For the iPad Pro, the challenge is reversed. It has years of strong developer support for the iPad as a slate but is still working to raise developer consciousness to add such PC staples as keyboard shortcuts. Apple has long touted how much better iPad apps take advantage of an expanded canvas than iPhones provide. The demonstrations by AutoCAD and Adobe at its event, though, countered the tendency of companies to produce watered-down versions of desktop-quality apps for the iPad.

In addition, Apple has some legacy–or perhaps “growing pains”–of its own related to decisions that were made to create a simplified smartphone experience a decade ago. Some of the ones I wrote about in 2015 have been at least partially addressed, while others still can impede workflow even as the iPad musters the raw horsepower to power desktop-quality apps. For example,  in part because it lacks support for a cursor or mouse, there are still things that are far more difficult to do on the iPad than on a Mac or other laptop. Both Microsoft and Google haven’t had an issue with enabling such in their touch interfaces of Windows and Android.

But why saddle the PC of the future, which will surely take on new kinds of applications, with the paradigms of the past? Apple’s purist approach leaves open the possibility that a new class of apps at the intersection of advanced processing and touch could materialize. Augmented reality may be one example, at least until Apple drops the other shoe on a device optimized for such experiences, but it will need time to mature into a primary use case.

That said, the long-term incentive for at least Mac developers to adapt the full power of their apps for the iPad seems clear. The level of mastery Apple has achieved in silicon–combined with the emerging ability to bring iOS apps to the Mac–points to a future where the Mac could more or less be an iOS development target that uses a trackpad instead of a touch screen. On the other hand, despite the strong growth in touch-screen PCs since the launch of Windows 8, there still isn’t a great incentive for Windows developers to create great optimized experiences for a tablet.
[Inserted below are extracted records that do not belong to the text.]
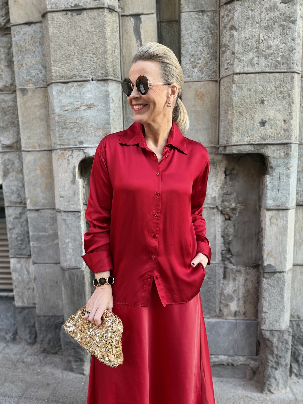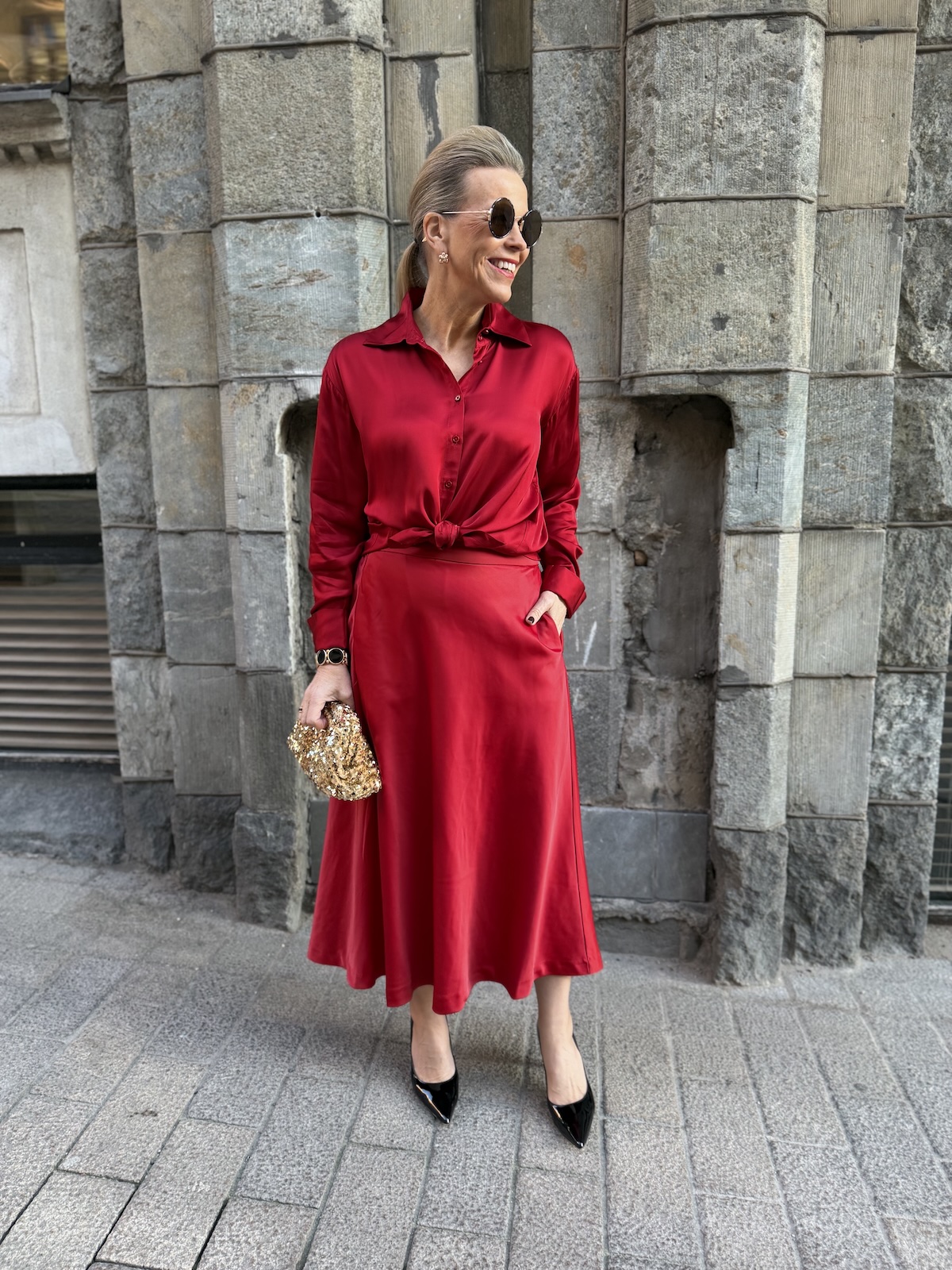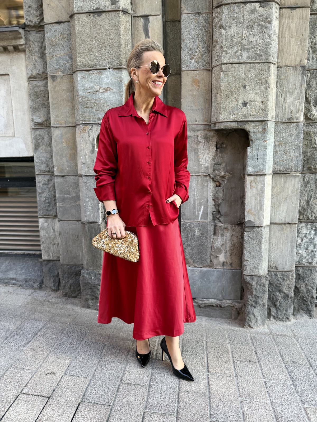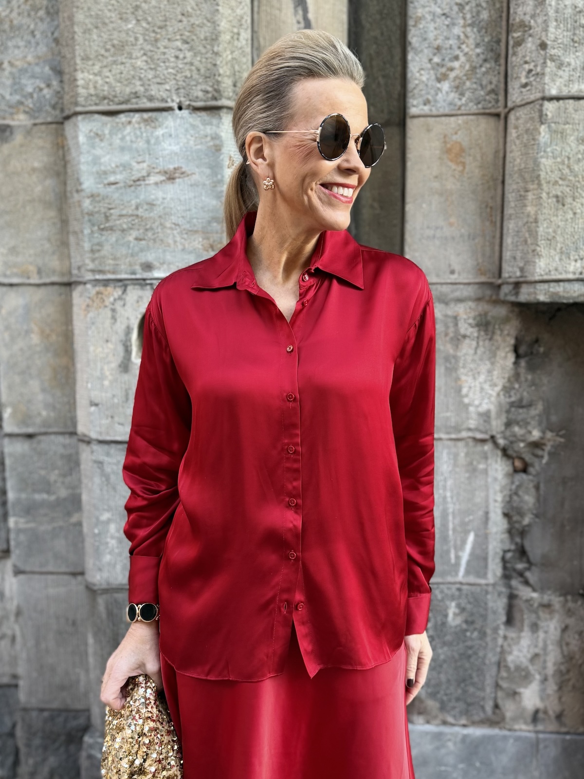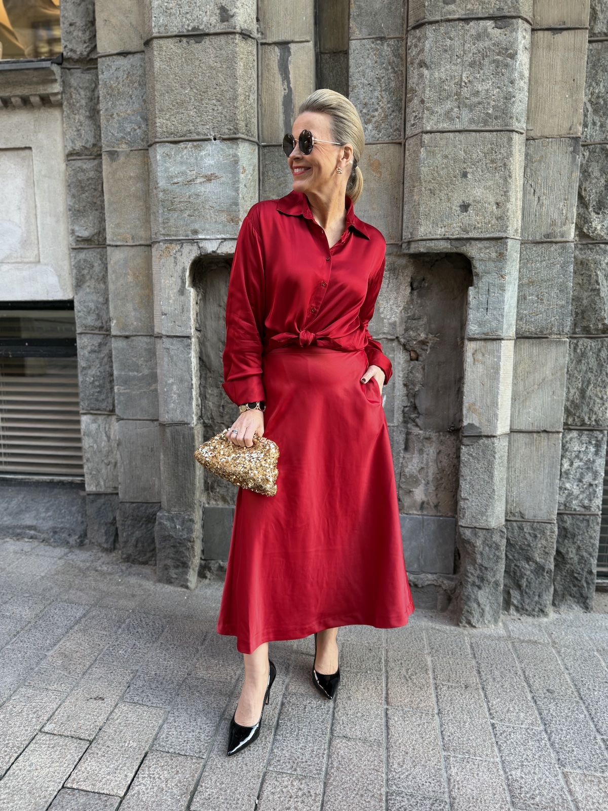 Pauline on kaunis viskoosipaitapusero. Paidassa on kaulukset ja edessä on napit. Hihat ovat täyspitkät ja hihansuissa on leveät rannekkeet, jotka voi kääntää. Malliltaan paita on suora ja se loppuu lantiolle. Paita on takaa noin 5 cm pidempi kuin edestä. Katalla on paidasta päällä koko 34.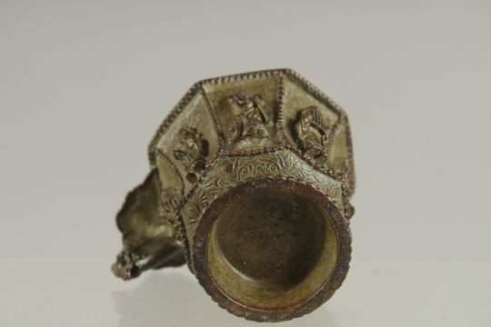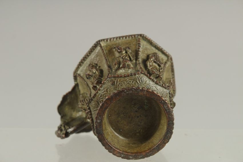 A CHINESE BRONZE CUP WITH RELIEF CAST FIGURES, mark to base possibly Da Tang Zhen Guan (true official ware of great Tang dynasty), 6cm high.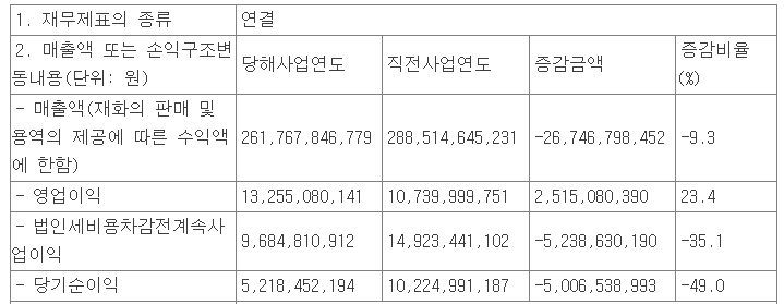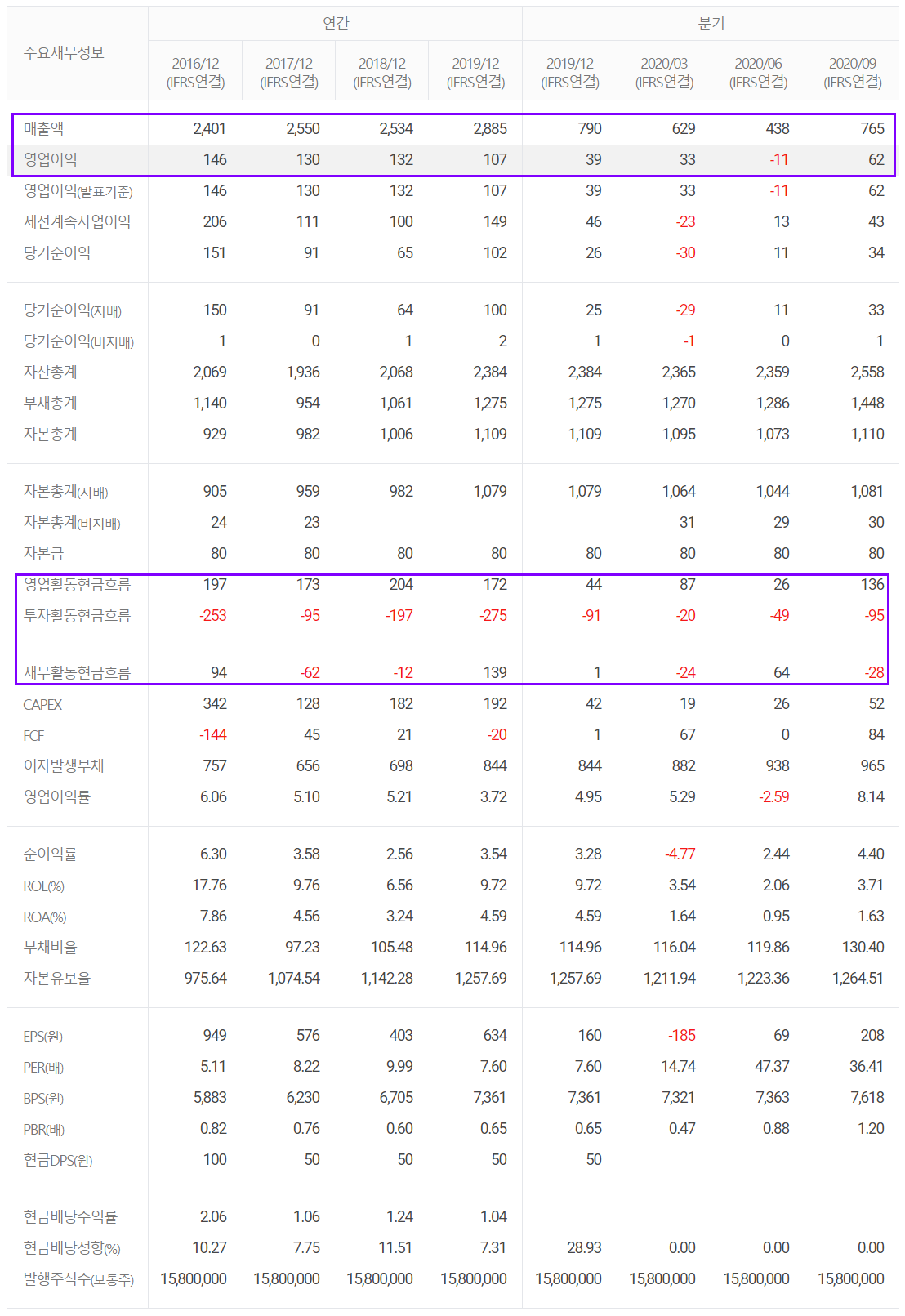 지난 2월 16일 당사의 공시에 의한 2020년 잠정 실적 기준 매출액은 2,618억 원으로 전년 대비 9.3% 감소했고, 영업이익은 132억 원으로 23.4% 증가, 당기순이익은 52억 원을 기록하면서 전년 대비 49% 감소했습니다. 코로나19의 영향으로 전방 산업의 수요 감소에 따른 매출 부진이 나타났으나, 당사의 내부적 노력으로 원가절감 등을 통해 영업이익은 증가했습니다. 다만, 환율 변동에 따른 외환손실로 이익은 감소했습니다.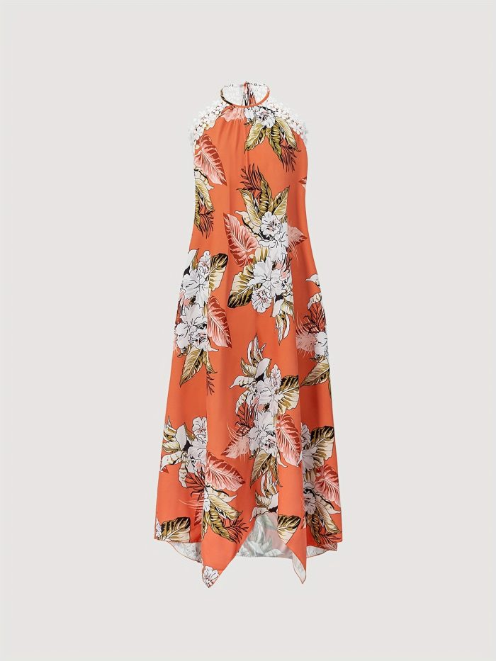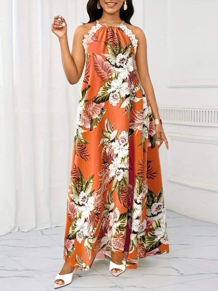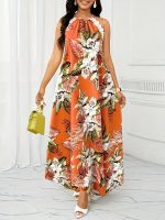 Home Women's Dresses Women’s Floral Print Resort-style Casual Lace-up Sleeveless Dress with Spaghetti Straps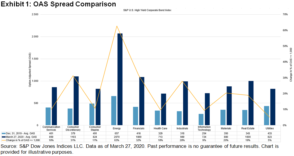 Moving down the credit scale and looking at more speculative-grade securities, the effects are even greater. Year to date, the S&P U.S. High Yield Corporate Bond Index has seen a fair amount of spread widening, as seen in Exhibit 1. In addition to the movement in OAS spreads, the amount of debt per sector that is at or above an OAS of 1,000 (distressed) has also increased since the beginning of the year. Distressed bonds will be an early indicator of issuers that may end up in default.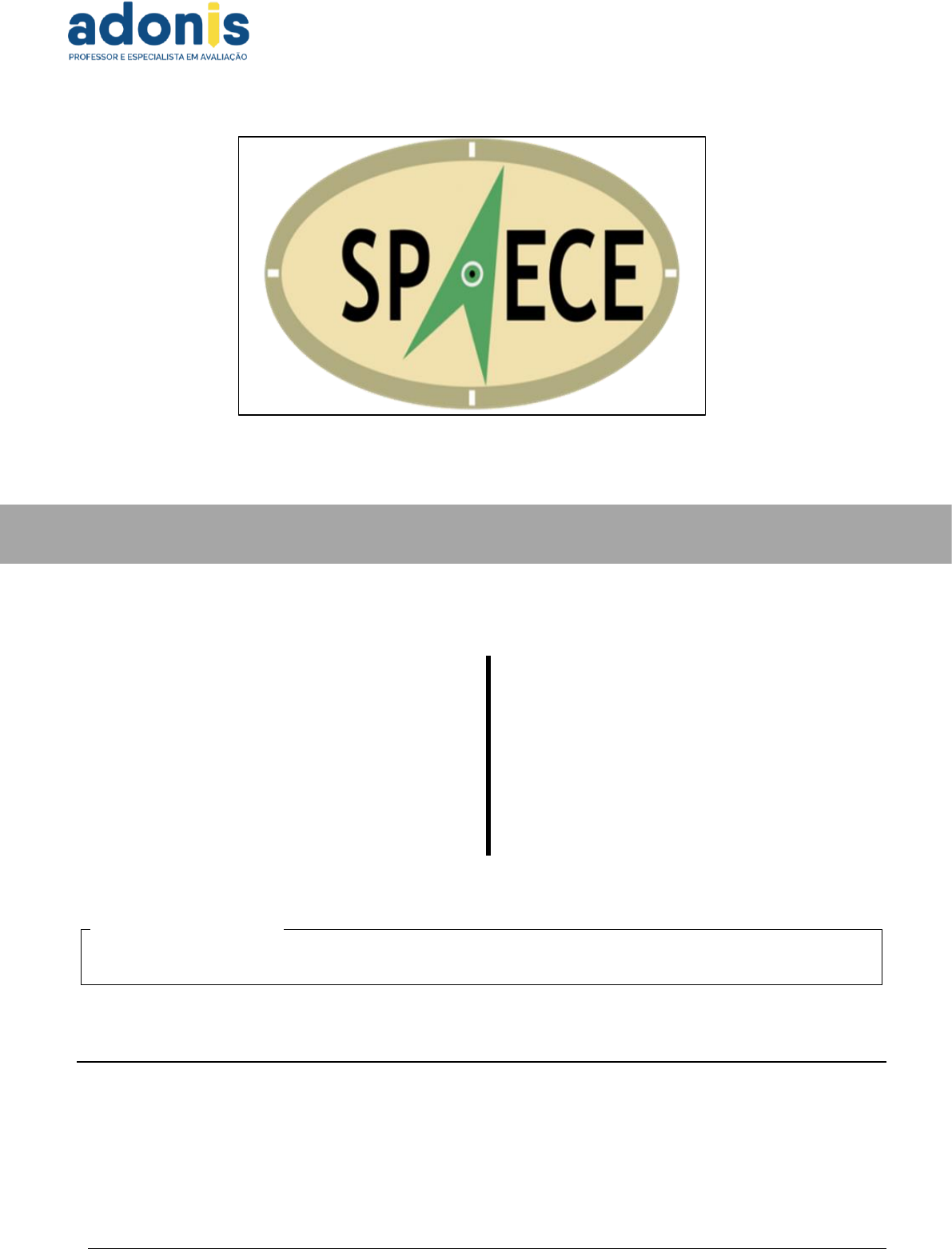 <p>O melhor material pedagógico. Acesse: adonisdutra.com.br</p><p>PREPARATÓRIO SPAECE</p><p>Caro(a) aluno(a),</p><p>Sua participação neste Simulado é muito importante para avançarmos na qualidade da educação da</p><p>nossa escola.</p><p>• Hoje, você vai fazer atividades de Língua Portuguesa.</p><p>• Responda com calma, procurando não deixar nenhuma questão em branco.</p><p>Contamos com o seu esforço e dedicação!</p><p>2º ano</p><p>Ensino Fundamental</p><p>Simulado 13</p><p>Língua Portuguesa</p><p>Nome do(a) aluno(a)</p><p>PREPARATÓRIO SPAECE</p><p>QUESTÃO 01 – D5</p><p>Veja a letra abaixo.</p><p>G</p><p>Marque um X no quadradinho onde aparece a letra que você viu escrita de outra forma.</p><p>A) d</p><p>B) g</p><p>C) p</p><p>D) q</p><p>QUESTÃO 02 – D8</p><p>(CAED) Faça um X no quadradinho onde os nomes das figuras começam com a mesma sílaba (pedaço).</p><p>A)</p><p>B)</p><p>C)</p><p>D)</p><p>QUESTÃO 03 – D3</p><p>Leia a frase abaixo.</p><p>PATO BRANCO NADA NO LAGO.</p><p>Faça um X no quadrinho onde mostra a palavra final dessa frase.</p><p>A) BRANCO</p><p>B) LAGO</p><p>C) NADA</p><p>D) PATO</p><p>PREPARATÓRIO SPAECE</p><p>QUESTÃO 04 – D11</p><p>(CAED) Veja a figura abaixo.</p><p>Qual o nome dessa figura?</p><p>A) MANGA.</p><p>B) MANGUEIRA.</p><p>C) NADADEIRA.</p><p>D) NARINA.</p><p>QUESTÃO 05 – D4</p><p>Marque a opção onde a frase está escrita de maneira correta.</p><p>A) A PROFESSORAAPAGOU O QUADRO.</p><p>B) APROFESSORA APAGOU O QUADRO.</p><p>C) A PROFESSORA APAGOUOQUADRO.</p><p>D) A PROFESSORA APAGOU O QUADRO.</p><p>QUESTÃO 06 – D5</p><p>(CAED) Veja as palavras abaixo.</p><p>Faça um X no quadradinho onde aparecem as palavras que você viu escritas de outra forma.</p><p>A) GILETE – MATO</p><p>B) GINO – MARA</p><p>C) GISELE – MARTA</p><p>D) GIZ – MAR</p><p>QUESTÃO 07 – D7</p><p>Ouça a palavra que eu vou dizer.</p><p>Quantas sílabas (pedaços) tem a palavra que você ouviu?</p><p>A) 1</p><p>B) 2</p><p>C) 3</p><p>D) 4</p><p>PREPARATÓRIO SPAECE</p><p>QUESTÃO 08 – D22</p><p>(CAED) Leia o texto abaixo.</p><p>Suco de limão com couve</p><p>Ingredientes:</p><p>4 folhas de couve, 2 litros de água,1 limão, 8 colheres de açúcar e Gelo a gosto.</p><p>Modo de preparar:</p><p>Primeiramente, lave a couve e o limão. Depois descasque o limão, coloque todos os ingredientes</p><p>no liquidificador, bata por 3 minutos, passe numa peneira fina e pode servir.</p><p>Disponível em: <http://receitas.maisvoce.globo.com>. Acesso em: 2 jul. 2016.</p><p>Esse texto serve para</p><p>A) ensinar como preparar um suco.</p><p>B) explicar como é produzido o limão.</p><p>C) informar preços de alimentos.</p><p>D) mostrar a importância das verduras.</p><p>QUESTÃO 09 – D16</p><p>Leia o texto abaixo.</p><p>Nesse texto, a menina</p><p>A) decide mudar de brincadeira.</p><p>B) fica presa no galho da árvore.</p><p>C) procura um jeito de subir na árvore.</p><p>D) resolve parar um pouco de pular.</p><p>QUESTÃO 10 – D13</p><p>CAED) Leia o texto abaixo.</p><p>Quando criança, Cândido Portinari gostava de jogar bola de meia, feita com tiras de papel de</p><p>embrulho amassado, amarrado com cordão e enfiado em uma meia velha.</p><p>TRZMIELINA, Nadine; BONITO, Angelo. Portinari. São Paulo: Callis, 1997. p. 7. Fragmento.</p><p>O que Cândido Portinari gostava de fazer quando criança?</p><p>A) Amarrar meias com cordão.</p><p>B) Embrulhar papel amassado.</p><p>C) Fazer tiras de papel.</p><p>D) Jogar bola de meia.</p><p>PREPARATÓRIO SPAECE</p><p>QUESTÃO 11 – D16</p><p>(CAED) Leia o texto abaixo.</p><p>ZIRALDO. Curta o menino Maluquinho: em histórias rapidinhas. São Paulo: Globo, 2006. p. 11</p><p>Nesse texto, o que é o bagageiro do menino?</p><p>A) Um carro.</p><p>B) Uma caixa.</p><p>C) Uma panela.</p><p>D) Uma sacola.</p><p>QUESTÃO 12 – D13</p><p>(CAED) Leia o texto abaixo.</p><p>Com seus poderes mágicos, a Bruxa da Casinha de Chocolate construiu uma casa de biscoitos e</p><p>tortas, com telhado de chocolate, janelas de açúcar e chaminés de caramelo.</p><p>TELLO, Antonio. O grande livro das bruxas. Belo Horizonte: Editora Leitura, 2009. p.18. Fragmento.</p><p>Do que era feita as chaminés da casa?</p><p>A) Açúcar.</p><p>B) Biscoito.</p><p>C) Caramelo.</p><p>D) Chocolate.</p><p>PREPARATÓRIO SPAECE</p><p>QUESTÃO 13 – D18</p><p>(CAED) Leia o texto abaixo.</p><p>Desenruga Tartaruga</p><p>Macacos me mordam — gritou Dona Tartaruga ao acordar naquela manhã de sol.</p><p>— O que houve com meu casco? Está mais sem graça do que nunca. Desse jeito nem poderei</p><p>ir à festa de aniversário de Dona Cutia. Já sei! Vou sair pela floresta à procura de um novo casco.</p><p>Disponível em: <http://blogdafolhinha.folha.blog.uol.com.br>. Acesso em: 5 jul. 2017.</p><p>Qual o assunto principal do texto?</p><p>A) A festa de aniversário.</p><p>B) A mordida dos macacos.</p><p>C) O casco da tartaruga.</p><p>D) Os animais na floresta.</p><p>QUESTÃO 14 – D13</p><p>(CAED) Leia o texto abaixo e responda às questões a seguir.</p><p>“Vai dar Samba” é uma história que se passa no clubinho mágico do samba composto por cinco</p><p>crianças. São elas: Catoco é o garoto que comanda o clube; Pandeco toca pandeiro de um jeito</p><p>bem atrapalhado; Nonoco é o destrambelhado que escreve poesias; Rosinha, a romântica que cria</p><p>um sapo na esperança de transformá-lo um dia num príncipe e Filô é a menina que faz mais</p><p>bagunças no grupo. Além das crianças, temos o Seu Viola, um velhinho professor de violão, que é</p><p>avô de Catoco e dono da loja mágica de instrumentos, onde o clubinho se reúne secretamente.</p><p>Disponível em: <http://blogdafolhinha.folha.blog.uol.com.br>. Acesso em: 5 jul. 2017.</p><p>De acordo com esse texto, qual criança quer transformar um sapo em príncipe?</p><p>A) Catoco.</p><p>B) Filô.</p><p>C) Pandeco.</p><p>D) Rosinha.</p><p>QUESTÃO 15 – D18</p><p>O texto que você leu fala principalmen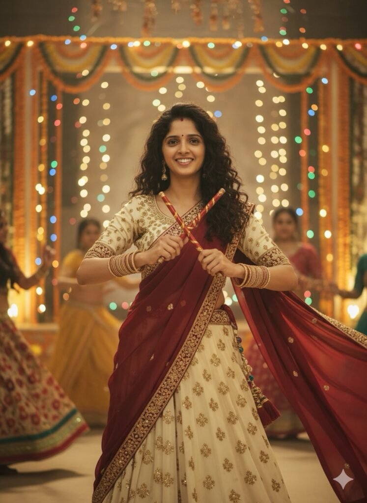 Create a retro vintage but bright cinematic image of the reference picture in a cream lehenga with maroon borders and heavy embroidery, paired with a maroon dupatta flowing gracefully. She is standing in a graceful posture with dandiyas crossed near her chest, smiling warmly. Her long curls and bangles shine in the ambient light. Background: a garba stage decorated with marigold flowers, colorful fairy lights, and groups of dancers blurred in motion. The vibe is aesthetic, devotional, and festive. Keep her exact same face and expression with 100% accuracy.
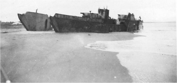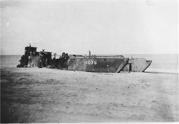 Hulk of LCT(6)-1075 washed up on the beach at San Pedro Bay, P.I., circa 1946 |
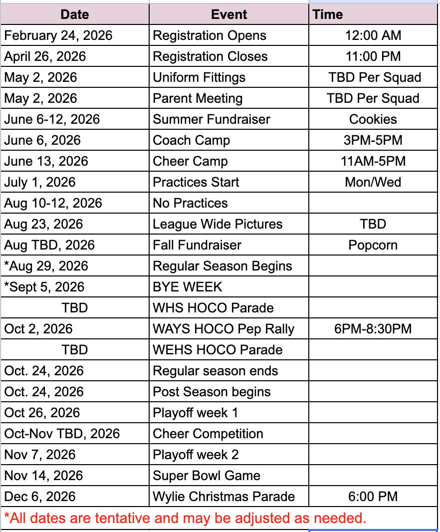 Welcome to the Wylie Cheer Registration. This registration is for the 2026 fall cheer season.

Apple introduced the iPad as something between a smartphone and laptop. Even today, someone who uses an iPad as their main computer is viewed as a kind of avant garde minimalist. This has never been so for the Surface Pro user whose device, at worst, has had to prove ergonomic legitimacy versus Windows laptops with similar specifications. But Apple has also long called the iPad their embodiment of the future of personal computing. The question is if it can get there in a way that leaves Microsoft behind.